An ethylene plant is a very complex combination of reaction and gas recovery systems. The feedstock is charged to a cracking zone in the presence of steam at effective thermal conditions to produce a pyrolysis reactor effluent gas mixture. The pyrolysis reactor effluent gas mixture is stabilized and separated into purified components through a sequence of cryogenic and conventional fractionation steps. A typical ethylene separation section of an ethylene plant containing both cryogenic and conventional fractionation steps to recover an ethylene product with a purity exceeding 99.5% ethylene is described in an article by V. Kaiser and M. Picciotti, entitled, “Better Ethylene Separation Unit.” The article appeared in HYDROCARBON PROCESSING MAGAZINE, November 1988, pages 57-61 and is hereby incorporated by reference.
Methods are known for increasing the conversion of portions of the products of the the ethylene production from a zeolitic cracking process to produce more propylene by a disproportionation or metathesis of olefins. Such processes are disclosed in U.S. Pat. No. 5,026,935 and U.S. Pat. No. 5,026,936 wherein a metathesis reaction step is employed in combination with a catalytic cracking step to produce more propylene by the metathesis of C2 and C4 olefins obtained from cracking. The catalytic cracking step employs a zeolitic catalyst to convert a hydrocarbon stream having 4 or more carbon atoms per molecule to produce olefins having fewer carbon atoms per molecule. The hydrocarbon feedstream to the zeolitic catalyst typically contains a mixture of 40 to 100 wt-% paraffins having 4 or more carbon atoms per molecule and 0 to 60 wt-% olefins having 4 or more carbon atoms per molecule. In U.S. Pat. No. 5,043,522, it is disclosed that the preferred catalyst for such a zeolitic cracking process is an acid zeolite, examples includes several of the ZSM-type zeolites or the borosilicates. Of the ZSM-type zeolites, ZSM-5 was preferred. It was disclosed that other zeolites containing materials which could be used in the cracking process to produce ethylene and propylene included zeolite A, zeolite X, zeolite Y, zeolite ZK-5, zeolite ZK-4, synthetic mordenite, dealuminized mordenite, as well as naturally occurring zeolites including chabazite, faujasite, mordenite, and the like.
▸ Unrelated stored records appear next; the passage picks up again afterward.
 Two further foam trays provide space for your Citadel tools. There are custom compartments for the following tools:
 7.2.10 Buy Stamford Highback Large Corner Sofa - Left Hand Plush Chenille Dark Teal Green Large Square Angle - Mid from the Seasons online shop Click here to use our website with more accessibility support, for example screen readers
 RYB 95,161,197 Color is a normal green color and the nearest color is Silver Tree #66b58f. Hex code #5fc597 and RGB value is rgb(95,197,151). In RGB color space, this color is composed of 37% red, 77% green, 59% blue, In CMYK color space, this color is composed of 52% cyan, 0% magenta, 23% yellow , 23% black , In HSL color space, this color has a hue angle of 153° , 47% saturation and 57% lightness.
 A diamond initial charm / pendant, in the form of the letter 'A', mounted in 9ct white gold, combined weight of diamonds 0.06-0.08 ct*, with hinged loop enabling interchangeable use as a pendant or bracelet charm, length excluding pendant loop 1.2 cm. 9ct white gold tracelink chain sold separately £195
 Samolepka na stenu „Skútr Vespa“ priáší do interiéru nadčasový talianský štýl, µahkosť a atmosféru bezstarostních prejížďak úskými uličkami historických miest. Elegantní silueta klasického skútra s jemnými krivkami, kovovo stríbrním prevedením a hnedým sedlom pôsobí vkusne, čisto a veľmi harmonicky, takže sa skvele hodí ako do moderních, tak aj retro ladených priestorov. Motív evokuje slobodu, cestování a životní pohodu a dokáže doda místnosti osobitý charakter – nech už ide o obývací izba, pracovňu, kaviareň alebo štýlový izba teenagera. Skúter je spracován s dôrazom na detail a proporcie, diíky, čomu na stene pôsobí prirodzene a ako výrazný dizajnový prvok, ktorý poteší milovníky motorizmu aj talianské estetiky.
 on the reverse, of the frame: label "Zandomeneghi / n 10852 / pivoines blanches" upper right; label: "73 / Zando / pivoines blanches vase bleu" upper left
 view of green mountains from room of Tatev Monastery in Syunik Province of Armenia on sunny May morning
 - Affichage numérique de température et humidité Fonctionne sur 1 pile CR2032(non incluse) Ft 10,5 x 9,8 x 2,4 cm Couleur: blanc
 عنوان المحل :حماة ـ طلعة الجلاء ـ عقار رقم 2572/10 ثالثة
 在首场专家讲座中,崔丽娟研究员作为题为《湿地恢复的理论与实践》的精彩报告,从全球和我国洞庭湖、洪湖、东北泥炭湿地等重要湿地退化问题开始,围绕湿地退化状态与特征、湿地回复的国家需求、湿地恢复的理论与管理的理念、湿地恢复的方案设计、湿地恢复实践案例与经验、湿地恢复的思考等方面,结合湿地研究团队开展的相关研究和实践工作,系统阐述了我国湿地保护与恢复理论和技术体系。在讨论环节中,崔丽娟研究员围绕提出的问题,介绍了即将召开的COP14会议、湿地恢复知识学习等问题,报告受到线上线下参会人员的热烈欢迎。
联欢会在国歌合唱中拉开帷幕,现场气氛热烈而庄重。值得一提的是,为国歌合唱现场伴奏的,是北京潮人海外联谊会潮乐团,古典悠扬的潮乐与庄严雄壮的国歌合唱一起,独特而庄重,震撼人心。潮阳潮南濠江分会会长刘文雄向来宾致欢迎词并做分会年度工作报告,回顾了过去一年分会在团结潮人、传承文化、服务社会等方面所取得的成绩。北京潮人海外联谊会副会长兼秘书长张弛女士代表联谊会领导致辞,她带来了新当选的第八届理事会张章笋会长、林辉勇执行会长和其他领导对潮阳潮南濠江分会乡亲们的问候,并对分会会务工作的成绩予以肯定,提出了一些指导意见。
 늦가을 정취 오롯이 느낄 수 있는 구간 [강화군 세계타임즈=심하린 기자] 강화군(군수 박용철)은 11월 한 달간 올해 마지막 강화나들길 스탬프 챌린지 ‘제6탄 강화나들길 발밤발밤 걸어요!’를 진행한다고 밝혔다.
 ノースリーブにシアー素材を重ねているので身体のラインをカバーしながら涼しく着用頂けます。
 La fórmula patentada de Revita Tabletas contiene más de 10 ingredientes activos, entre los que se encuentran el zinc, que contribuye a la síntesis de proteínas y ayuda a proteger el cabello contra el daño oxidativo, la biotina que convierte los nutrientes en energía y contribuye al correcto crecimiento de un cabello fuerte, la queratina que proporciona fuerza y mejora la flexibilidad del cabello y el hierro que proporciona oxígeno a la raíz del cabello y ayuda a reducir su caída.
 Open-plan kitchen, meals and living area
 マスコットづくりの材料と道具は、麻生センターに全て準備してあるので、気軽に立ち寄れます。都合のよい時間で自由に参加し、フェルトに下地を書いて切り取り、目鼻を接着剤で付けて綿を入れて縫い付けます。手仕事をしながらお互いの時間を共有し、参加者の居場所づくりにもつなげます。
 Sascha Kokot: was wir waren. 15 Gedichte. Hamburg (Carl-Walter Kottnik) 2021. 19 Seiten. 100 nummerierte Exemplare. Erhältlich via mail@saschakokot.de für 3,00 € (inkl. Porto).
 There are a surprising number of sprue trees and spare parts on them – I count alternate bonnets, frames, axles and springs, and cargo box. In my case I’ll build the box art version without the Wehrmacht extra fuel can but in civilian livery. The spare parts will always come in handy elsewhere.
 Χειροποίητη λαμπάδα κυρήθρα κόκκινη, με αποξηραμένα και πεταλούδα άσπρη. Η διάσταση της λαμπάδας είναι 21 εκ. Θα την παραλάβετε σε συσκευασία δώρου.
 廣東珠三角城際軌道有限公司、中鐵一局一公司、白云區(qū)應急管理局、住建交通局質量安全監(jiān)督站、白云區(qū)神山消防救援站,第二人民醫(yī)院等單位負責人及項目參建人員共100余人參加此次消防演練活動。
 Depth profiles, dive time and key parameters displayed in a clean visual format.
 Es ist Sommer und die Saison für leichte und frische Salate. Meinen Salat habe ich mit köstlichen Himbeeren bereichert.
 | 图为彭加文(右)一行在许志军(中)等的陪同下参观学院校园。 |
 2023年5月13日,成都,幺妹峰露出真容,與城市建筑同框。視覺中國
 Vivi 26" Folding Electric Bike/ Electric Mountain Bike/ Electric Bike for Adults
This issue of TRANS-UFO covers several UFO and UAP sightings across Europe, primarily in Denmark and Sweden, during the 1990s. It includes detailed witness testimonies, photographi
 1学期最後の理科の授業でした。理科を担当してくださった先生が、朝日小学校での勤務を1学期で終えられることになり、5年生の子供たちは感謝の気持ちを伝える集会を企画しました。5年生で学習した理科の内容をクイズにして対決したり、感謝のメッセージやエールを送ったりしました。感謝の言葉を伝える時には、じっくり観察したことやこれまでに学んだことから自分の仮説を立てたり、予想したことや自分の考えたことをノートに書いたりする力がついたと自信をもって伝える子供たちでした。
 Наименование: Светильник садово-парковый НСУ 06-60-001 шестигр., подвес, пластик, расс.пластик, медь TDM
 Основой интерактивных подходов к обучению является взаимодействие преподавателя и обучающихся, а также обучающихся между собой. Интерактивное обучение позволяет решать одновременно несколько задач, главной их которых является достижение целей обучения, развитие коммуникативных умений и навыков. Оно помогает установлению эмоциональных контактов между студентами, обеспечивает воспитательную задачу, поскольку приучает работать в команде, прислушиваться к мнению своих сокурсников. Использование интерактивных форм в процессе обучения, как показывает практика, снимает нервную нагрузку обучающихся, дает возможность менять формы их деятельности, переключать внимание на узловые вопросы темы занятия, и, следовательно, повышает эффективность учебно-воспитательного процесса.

Zeolites which were ion-exchanged to replace alkali metal present in the zeolite were preferred. Preferred alkali exchange cations were hydrogen, ammonium, rare earth metals and mixtures thereof.
European Patent No. 109,059B1 discloses a process for the conversion of a feedstream containing olefins having 4 to 12 carbon atoms per molecule into propylene by contacting the feedstream with a ZSM-5 or a ZSM-11 zeolite having a silica to alumina atomic ratio less than or equal to 300 at a temperature from 400 to 600° C. The ZSM-5 or ZSM-11 zeolite is exchanged with a hydrogen or an ammonium cation. The reference also discloses that, although the conversion to propylene is enhanced by the recycle of any olefins with less than 4 carbon atoms per molecule, paraffins which do not react tend to build up in the recycle stream. The reference provides an additional oligomerization step wherein the olefins having 4 carbon atoms are oligomerized to facilitate the removal of paraffins such as butane and particularly isobutane which are difficult to separate from C4 olefins by conventional fractionation. In a related European Patent No. 109,060B1, a process is disclosed for the conversion of butenes to propylene. The process comprises contacting butenes with a zeolitic compound selected from the group consisting of silicalites, boralites, chromosilicates and those chromosilicates and those zeolites ZSM-5 and ZSM-11 in which the mole ratio of silica to alumina is greater than or equal to 350. The conversion is carried out at a temperature from 500° C. to 600° C. and at a space velocity of from 5 to 200 kg/hr of butenes per kg of pure zeolitic compound. The European Patent No. 109,060B1 discloses the use of silicalite-1 in an ion-exchanged, impregnated, or co-precipitated form with a modifying element selected from the group consisting of chromium, magnesium, calcium, strontium and barium.
U.S. Pat. No. 6,867,341 to Abrevaya et al. teaches naphtha cracking using a catalyst comprising a molecular sieve having 10-membered rings with channels of length 0.1 to 0.3 micrometers and having a silicon to aluminum atomic ratio of about 20 to about 200. In particular, examples are presented showing that a high Si/Al2 ratio Ferrierite catalyst is more effective for naphtha conversion and gives higher yields of the desired products ethylene and propylene than other zeolites examined. Preferred operating temperatures in the range 650 to 670 C are indicated, and operating pressures should be as low as can be economically achieved.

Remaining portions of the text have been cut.